Ray Anthony and His Orchestra singles chronology
| "Autumn Nocturne" (1950) | "Count Every Star" (1950) | "Autumn Leaves" (1950) |

= Count Every Star =

"Count Every Star" is a song written by Bruno Coquatrix and Sammy Gallop and first released by Ray Anthony and His Orchestra. It reached number 4 on the US pop chart in 1950.

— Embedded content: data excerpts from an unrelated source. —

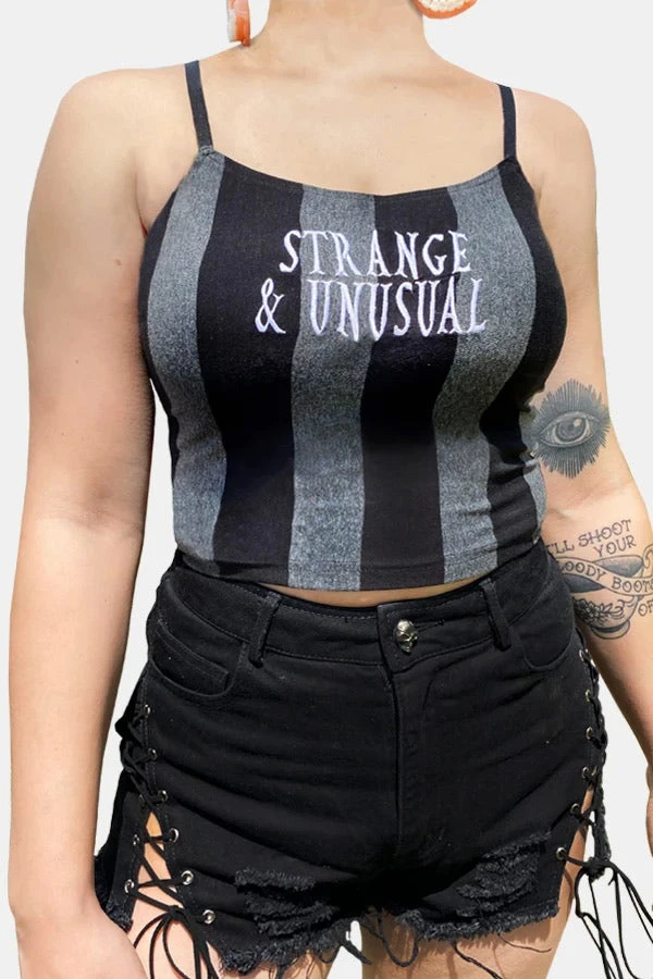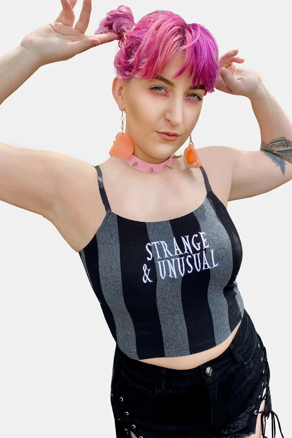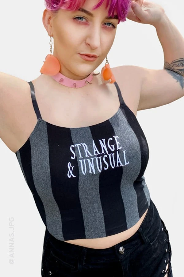 Spooky all year is our vibe. The Strange & Unusual top features fully adjustable straps and a soft stretch fabric that you will love.
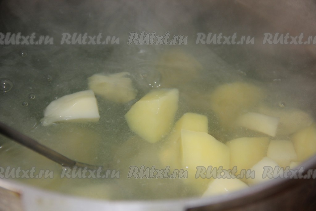 Картофель режем кубиками, заливаем водой и варим до полуготовности.
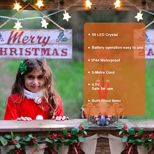 ★2 Pezzi di catena luminosa a stella a LED: La catena leggera ha 2 pezzi di catena luminosa a stella, 1 pezzo di catena leggera con 50 stelle LED, 2 pezzi di catena luminosa in totale con 100 stelle LED. La lunghezza di 1 catena di luci è di 5 metri. Le catene luminose a stella LED bianco caldo creano un'illuminazione eccellente e un'atmosfera calda.
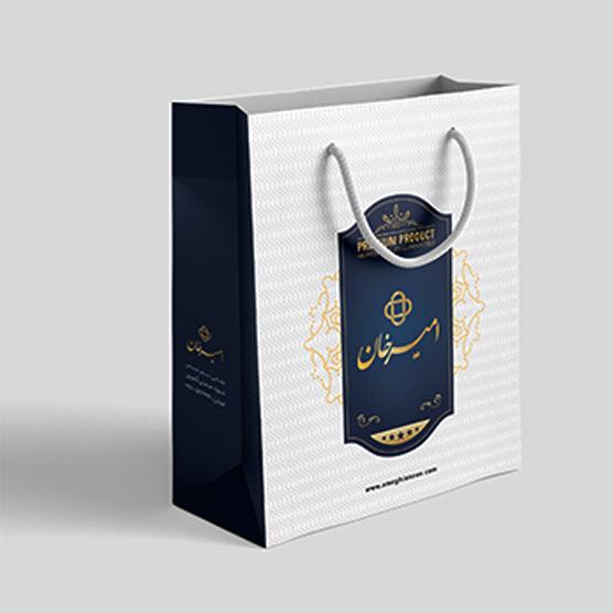 ساک دستی کاغذی گلاسه با چاپ طلاکوب برند امیرخان
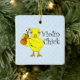 Violin chick in curly text with a cute yellow chick holding a violin is a funny gift design for string musicians, violin teachers and students in orchestra at Christmas.
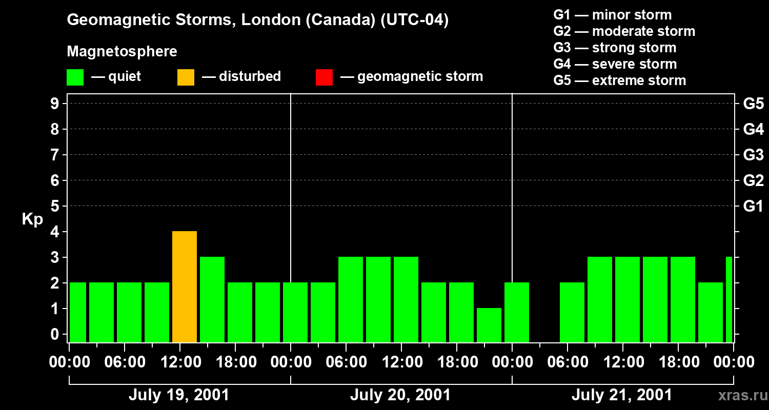 Geomagnetic storms in London (Canada) — Jul 21, 2001
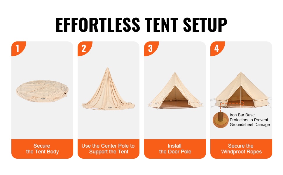 Teltan pystytys onnistuu neljällä perusvaiheella. Mukana tuleva leirityssarja, jossa on kiilat ja vasara, auttaa varmistamaan teltan tuennan ja vakauden. Näin leirin saa käyttövalmiiksi lyhyessä ajassa.
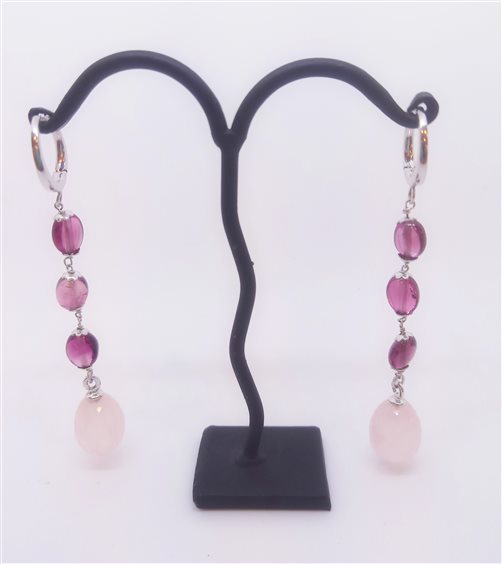 RZ UNICOLOR PEZZI UNICI A PREZZI UNICI (ultimi pezzi di collezioni esaurite) Orecchini in oro bianco rodiato 24 carati con tre ovali asimmetrici in spinello color ciliegia pallido taglio cabochon (0.4cm ca) incatenati a goccia sfaccettata in quarzo rosa pallido (1.3 cm). Chiusura a scattino. Raffinata lavorazione orafa artigianale.
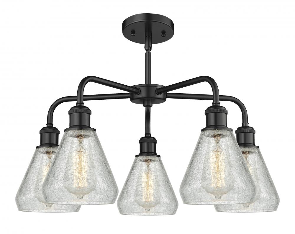 Conesus - 5 Light - 24 inch - Matte Black - Clear Crackle Shade - Chandelier
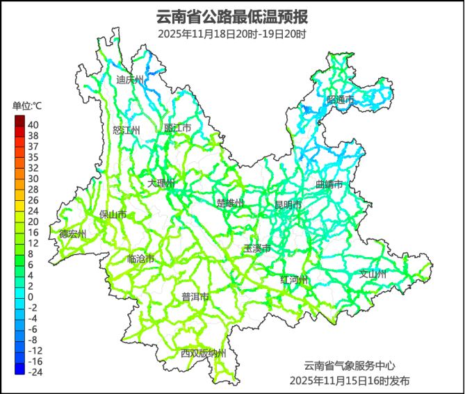 其中,S11曲靖段、S207曲靖段、S305曲靖段、G85曲靖段、G213曲靖段、G326曲靖段、G85昭通段、G213昭通段、G247昭通段、G352昭通段、G356昭通段、G7611昭通段、S229迪庆段、S317迪庆段、G214迪庆段、G0613迪庆段将受到强降温影响,G213西双版纳段、G219红河段、G326红河段、G8011红河段、G219文山段、G246文山段、G323文山段将受到强降水的影响。请公众注意出行安全和防寒保暖。
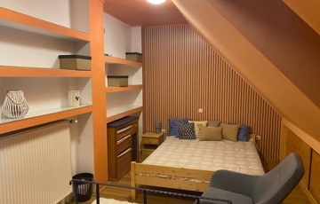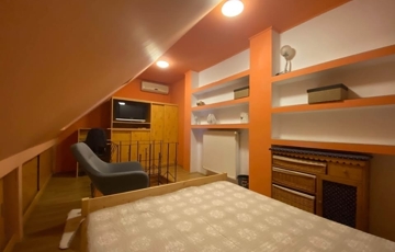 Elrendezése: Alsó szinten található az előszoba, nappali/konyha és a fürdőszoba, amiben külön üvegajtóval leválasztott tusoló fülke van. Ezek együttes mérete 27nm. Az egy szinttel magasabban található hálószoba mérete 18nm, amiben jó helykihasználó beépített szekrények vannak.
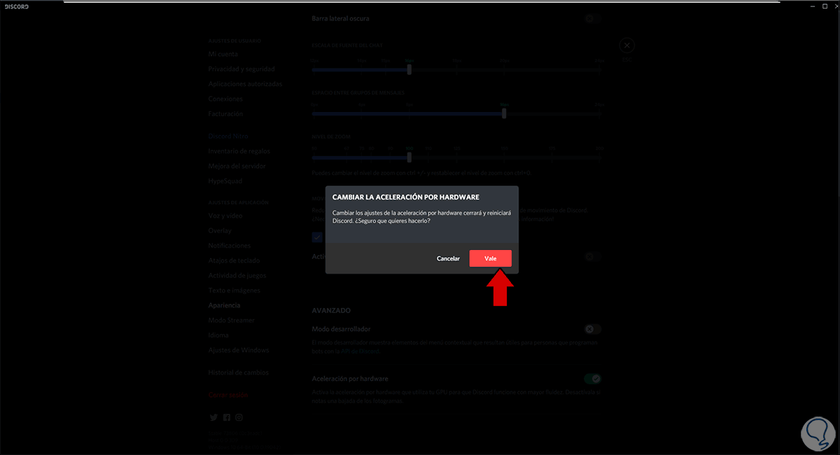 Para deshabilitarla abrimos Discord y vamos a "Ajustes de usuario", luego vamos a la sección "Apariencia" y allí deshabilitamos el interruptor "Aceleración por hardware":
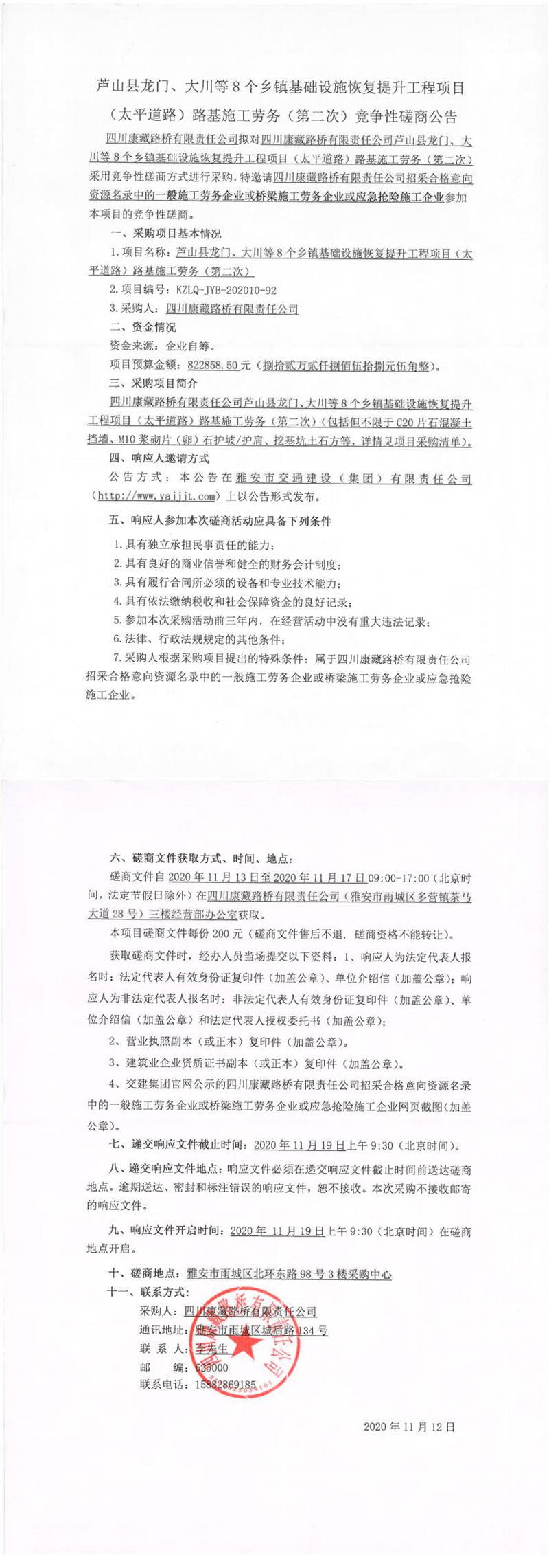 四川康藏路橋有限責任公司蘆山縣龍門、大川等8個鄉(xiāng)鎮(zhèn)基礎設施恢復提升工程項目(太平道路)路基施工勞務(第二次)競爭性磋商公告
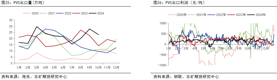 近期印度出台PVC反倾销税及BIS法案推进,预计明年PVC出口为保存量为主,难有亮点。出口量将根据出口利润及印度采购节奏变化。

==Other charting versions==
- Hugo Winterhalter released a version of the song as a single in 1950, when it reached number 10 on the US pop chart.
- Dick Haymes and Artie Shaw released a version of the song as a single in 1950, where it reached number 10 on the US pop chart.
- Linda Scott released a version of the song as a single in 1962, reaching number 10 on the US adult contemporary chart and number 41 on the Billboard pop chart.

==Other versions==
- The Ravens released a version of the song as the B-side to their 1950 single "It's the Talk of the Town".
- The Lester Young Quartet released a version of the song as a single in 1954.
- Al Cohn released a version of the song on his 1954 album, Mr. Music.
- Bill Snyder released a version of the song as a single in 1954.
- Al Hibbler released a version of the song as part of an EP in 1956.
- Grant Green released a version of the song on his 1962 album, Born to Be Blue.
- Sonny Stitt released a version of the song on his 1958 album, Stitt's Bits.
- Ike Quebec released a version of the song on his 1961 album, Blue & Sentimental.